### [PROMPT]
Up to and including the line holding "7^ FESTA DEI", write out the data exactly from its first line, but not the pictures.

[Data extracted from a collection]
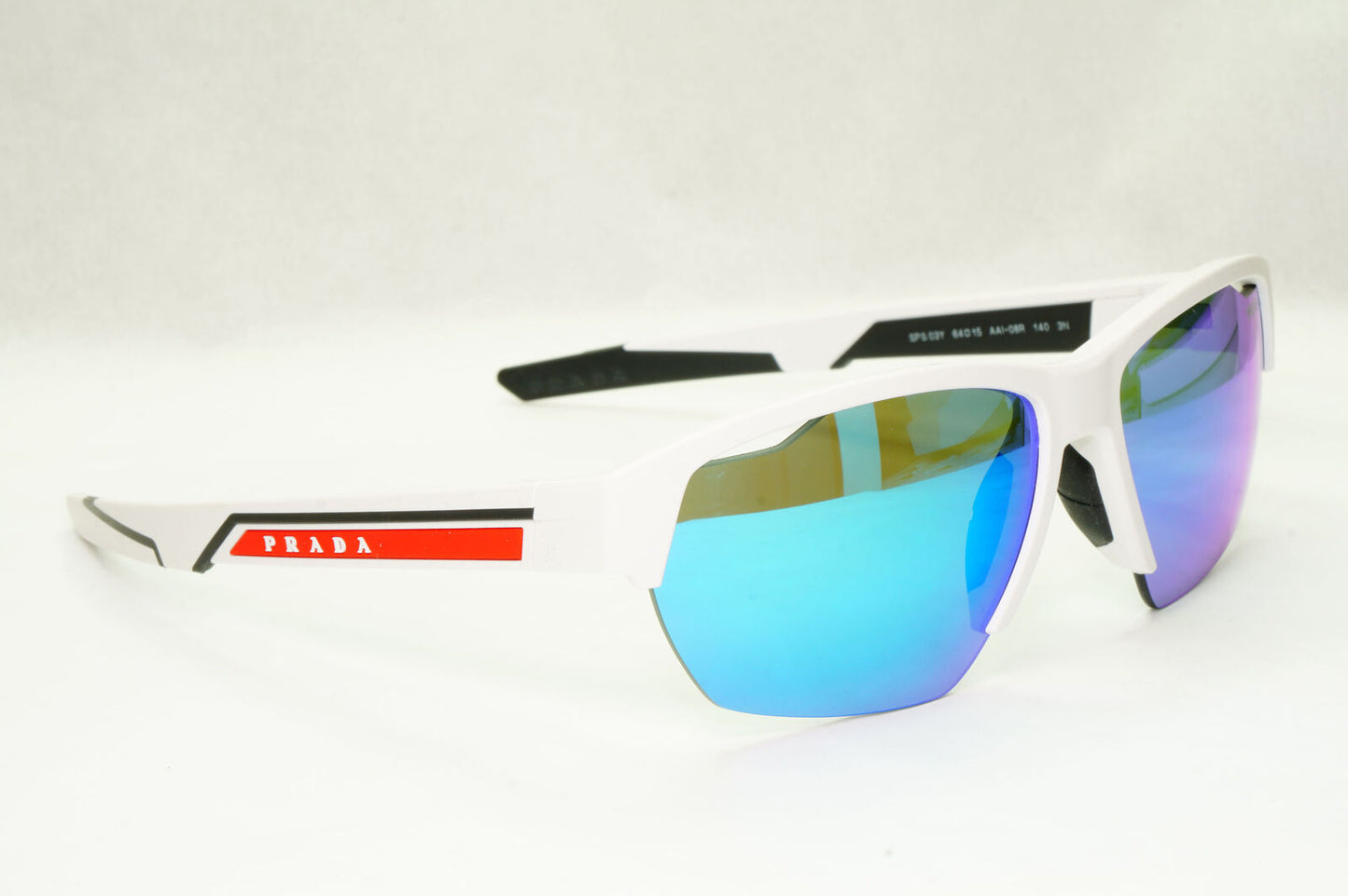 Prada Sunglasses White Blue Mirror Wrap Sport Red Stripe PS03YS SPS 03Y AAI-08R
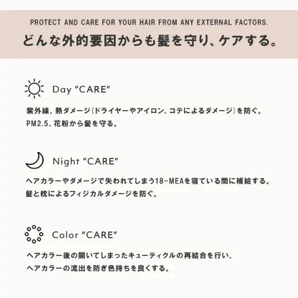 どんな外的要因からも髪を守り、ケアする。
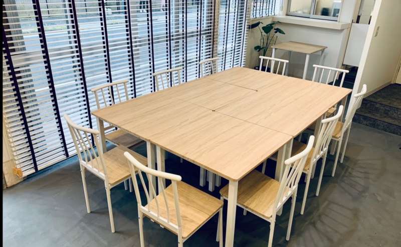 【設備】椅子(15名分)、テーブル(7台)、キッチン、陳列棚、ホワイトボード、プロジェクター完備
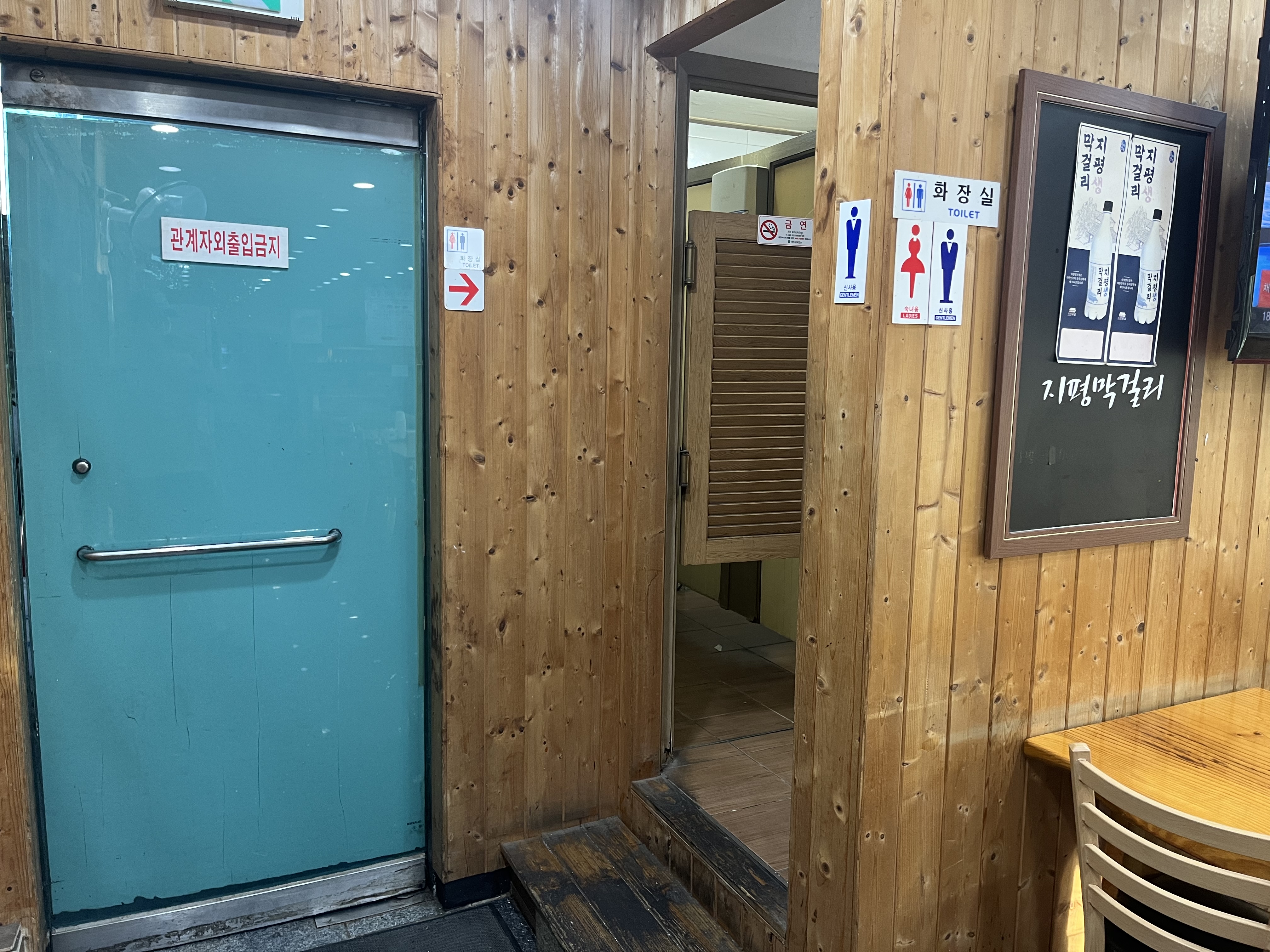 화장실은 매장 구석에 위치해있습니다.
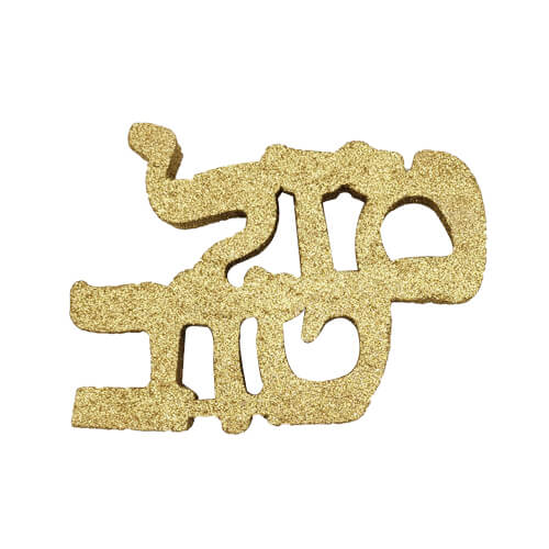 קלקר לעיצוב שולחן מזל טוב בעיצוב מיוחד – בצבע זהב נוצץ למראה יוקרתי ומיוחד.
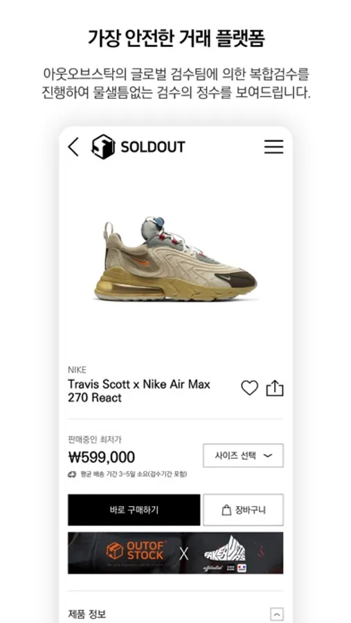 솔드아웃은 국내 최초의 한정판 제품 거래소인 아웃오브스탁이 출시한
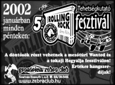 szerző: Tobias5. Rolling Rock Tehetségkutató Fesztivál 2002 január 11-február 8, Zebraklub, Szarvas
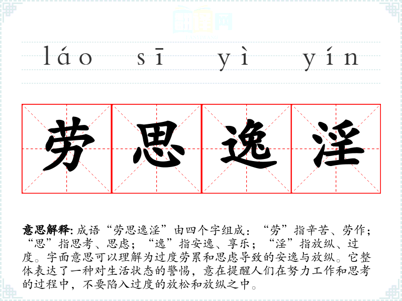 成语“劳思逸淫”由四个字组成:“劳”指辛苦、劳作;“思”指思考、思虑;“逸”指安逸、享乐;“淫”指放纵、过度。字面意思可以理解为过度劳累和思虑导致的安逸与放纵。它整体表达了一种对生活状态的警惕,意在提醒人们在努力工作和思考的过程中,不要陷入过度的放松和放纵之中。
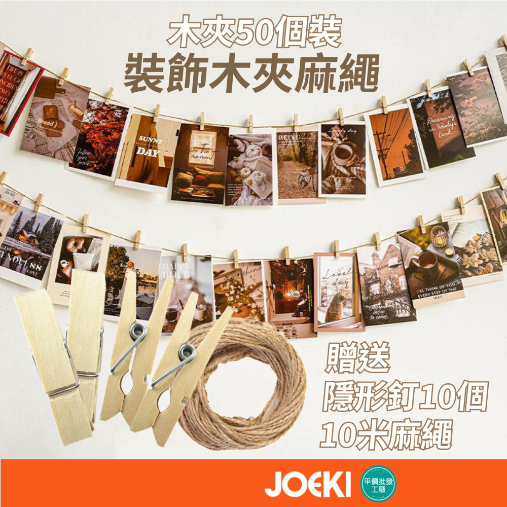 #裝飾木夾麻繩 #50入原木木夾 #木夾 #10米麻繩 #照片牆相片 #小夾子 #房間裝飾
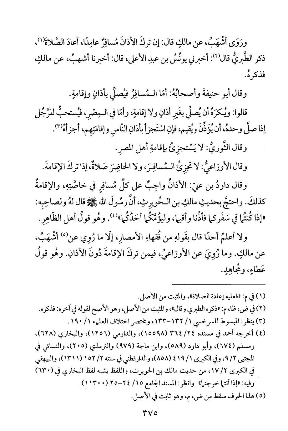 ورَوَى أشْهَبُ، عن مالكٍ قال: إن تركَ الأذانَ مُسافِرٌ عامِدًا، أعادَ الصَّلاةَ (¬١)، ذكر الطَّبريُّ قال (¬٢): أخبرني يونُسُ بن عبدِ الأعلى، قال: أخبرنا أشهبُ، عن مالكٍ فذكرهُ.
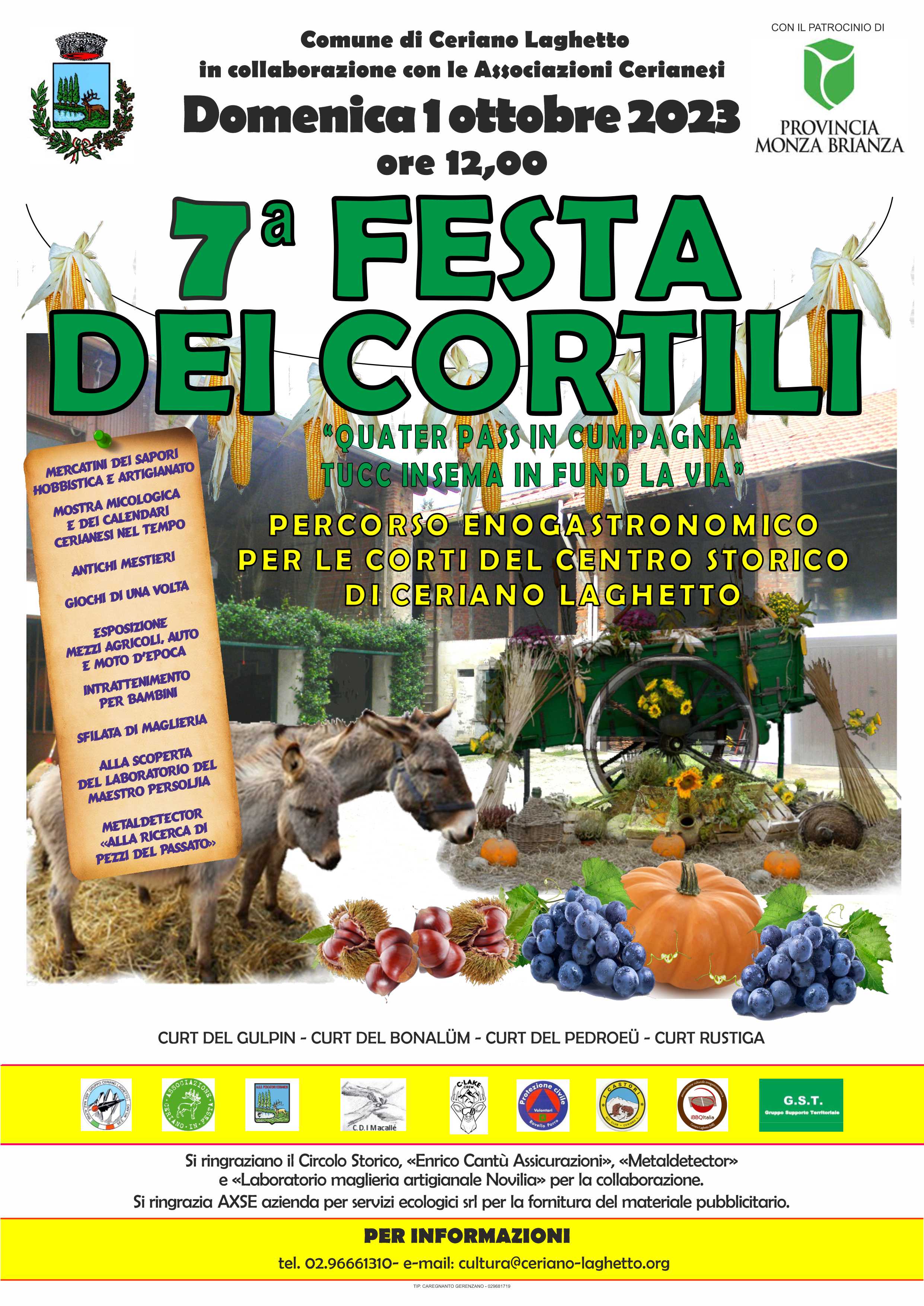 7^ FESTA DEI CORTILI "Quater pass in compagnia tucc insema in fund la via" Domenica 1 ottobre 2023 dalle ore 12.00. FESTA DEI CORTILI 2023
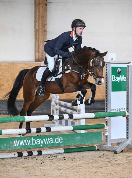 Der gekörte Hengst Bumble Bee ist der letzte Sohn des höchst erfolgreichen und braven Hengstes Beka`s Rubin, ein Welsh B. Andere Nachkommen von Beka´s Rubin sind in Dressur, Springen und Distanzreiten platziert. (z. B. Beka´s Ramazotti bis S-Dressur siegreich). Vierjährig wurde Bumble Bee angeritten und auf die Hengstkörung vorbereitet. Von 2023 bis Juli 2025 war er in Beritt und wurde von seiner Reiterin Anna Unger (15 J, Schwabenkader) auf Turnier vorgestellt. Zuletzt war er bis A-Springen ** siegreich und in L-Springen (fehlerfrei) platziert. Potential, Bereitschaft und Spaß am Springen sind in hohem Maße vorhanden. Sein Charakter ist kaum zu übertreffen. Leistungsbereit und ehrlich gibt er für seinen Reiter alles. Genauso wie der Vater ist er ein absolutes Kinderpony, somit auch von jugendlichen Reitern mit entsprechender Ausbildung toll zu händeln. Hänger fahren, Hufschmied, Reiten im Gelände usw. - der Hengst ist hochanständig, sehr umgänglich und einfach nur liebenswert. Außerdem ist er nervenstark und unerschrocken. Er hat kein Problem mit anderen Tieren, Straßenverkehr, Wasser, laute Geräusche usw. Er ist kerngesund. Mängel, Allergien, Unverträglichkeiten etc. sind nicht bekannt. Im November 2024 hat Bumble Bee in München-Riem im 30-Tage-Test seine Hengstleistungsprüfung mit Endnote 8,33 absolviert. Röntgenbilder / TÜV einwandfrei. Ab sofort steht er gesunden Stuten im Natursprung zur Verfügung. Mit seinen schicken Abzeichen hat er hohen Wiedererkennungswert. Aufstallung möglich. Weitere Auskünfte gern vorab telefonisch unter Handy: 0177 / 357 33 87.
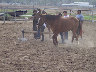And there's Mr. V. just out in the middle of the madness. That man has no fear. I, on the other hand, have a healthy fear of a 1200+ lb animal and stayed the hell away from them. Let them sort out the pecking order, then I'll get involved. If I'm going to get kicked ~ let it be by ONE horse at at time (not 4 of them). Although, I DID jump into the stall with the mustangs, once we rounded them up... They are sweet, amazing horses...
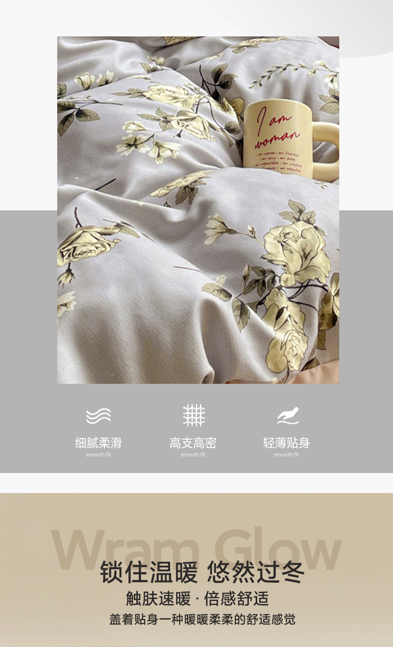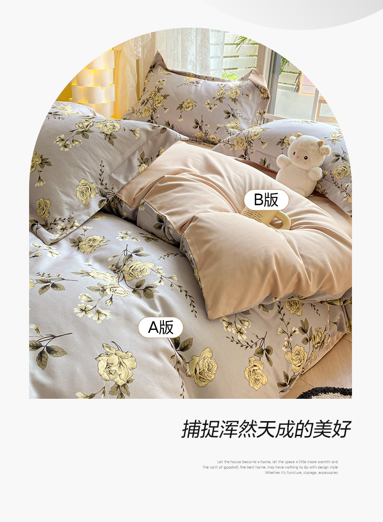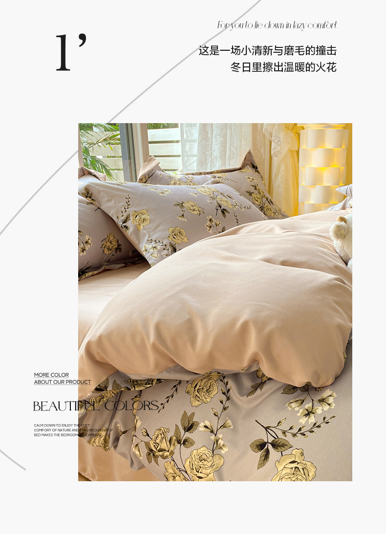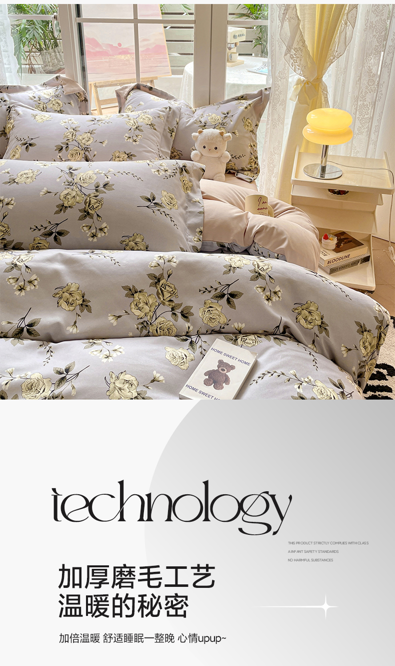 商品名称:古吉梦 2023新款A类有氧元气棉加厚磨毛四件套 木槿-蓝
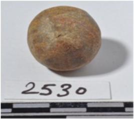 | Description / विवरण | A stone sling ball round in shape of smooth surface. |
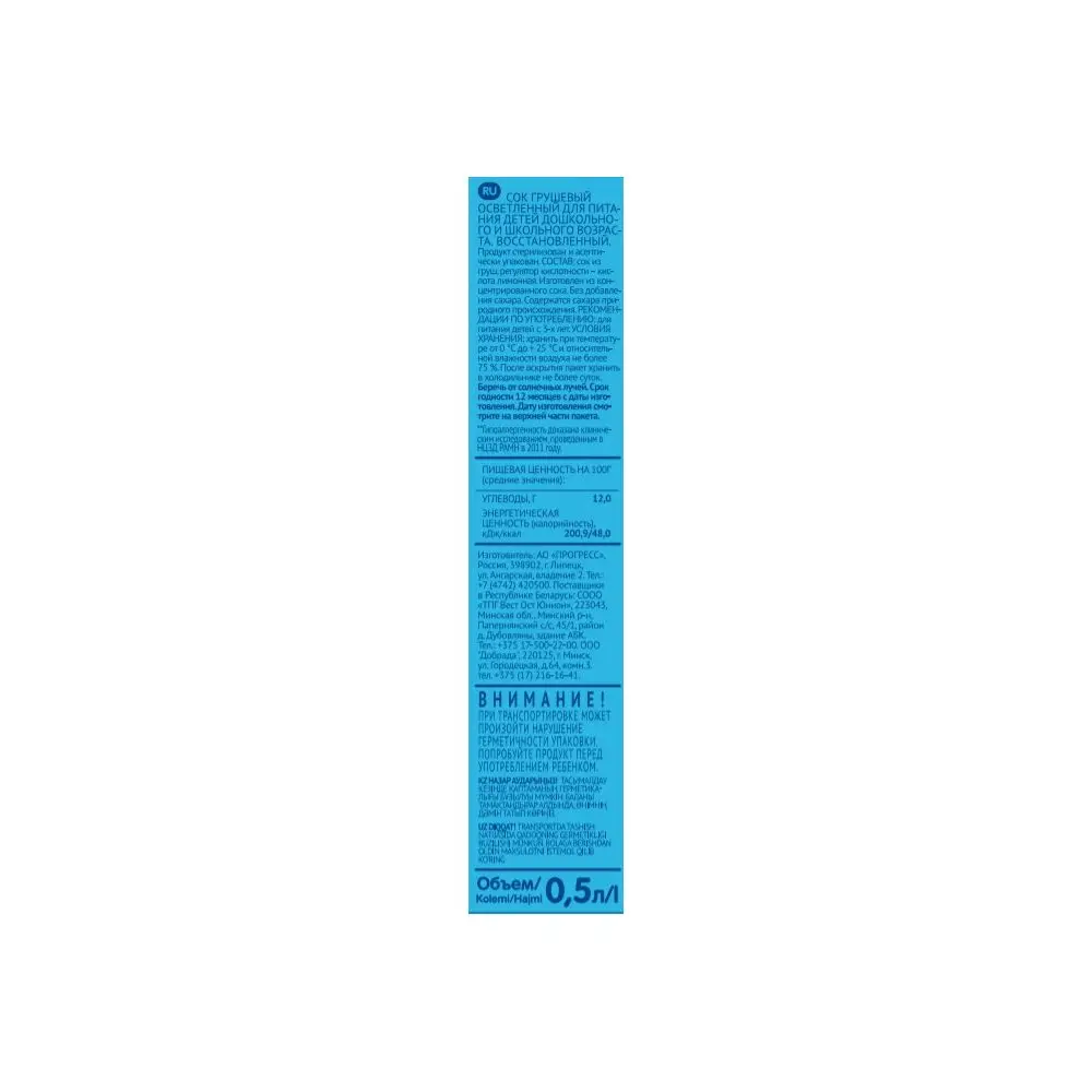 Сок ФрутоНяня груша, осветленный с 3-х лет, 0,5л

### [TASK OUTPUT]
 Prada Sunglasses White Blue Mirror Wrap Sport Red Stripe PS03YS SPS 03Y AAI-08R
 どんな外的要因からも髪を守り、ケアする。
 【設備】椅子(15名分)、テーブル(7台)、キッチン、陳列棚、ホワイトボード、プロジェクター完備
 화장실은 매장 구석에 위치해있습니다.
 קלקר לעיצוב שולחן מזל טוב בעיצוב מיוחד – בצבע זהב נוצץ למראה יוקרתי ומיוחד.
 솔드아웃은 국내 최초의 한정판 제품 거래소인 아웃오브스탁이 출시한
 szerző: Tobias5. Rolling Rock Tehetségkutató Fesztivál 2002 január 11-február 8, Zebraklub, Szarvas
 成语“劳思逸淫”由四个字组成:“劳”指辛苦、劳作;“思”指思考、思虑;“逸”指安逸、享乐;“淫”指放纵、过度。字面意思可以理解为过度劳累和思虑导致的安逸与放纵。它整体表达了一种对生活状态的警惕,意在提醒人们在努力工作和思考的过程中,不要陷入过度的放松和放纵之中。
 #裝飾木夾麻繩 #50入原木木夾 #木夾 #10米麻繩 #照片牆相片 #小夾子 #房間裝飾
 ورَوَى أشْهَبُ، عن مالكٍ قال: إن تركَ الأذانَ مُسافِرٌ عامِدًا، أعادَ الصَّلاةَ (¬١)، ذكر الطَّبريُّ قال (¬٢): أخبرني يونُسُ بن عبدِ الأعلى، قال: أخبرنا أشهبُ، عن مالكٍ فذكرهُ.
 7^ FESTA DEI CORTILI "Quater pass in compagnia tucc insema in fund la via" Domenica 1 ottobre 2023 dalle ore 12.00. FESTA DEI CORTILI 2023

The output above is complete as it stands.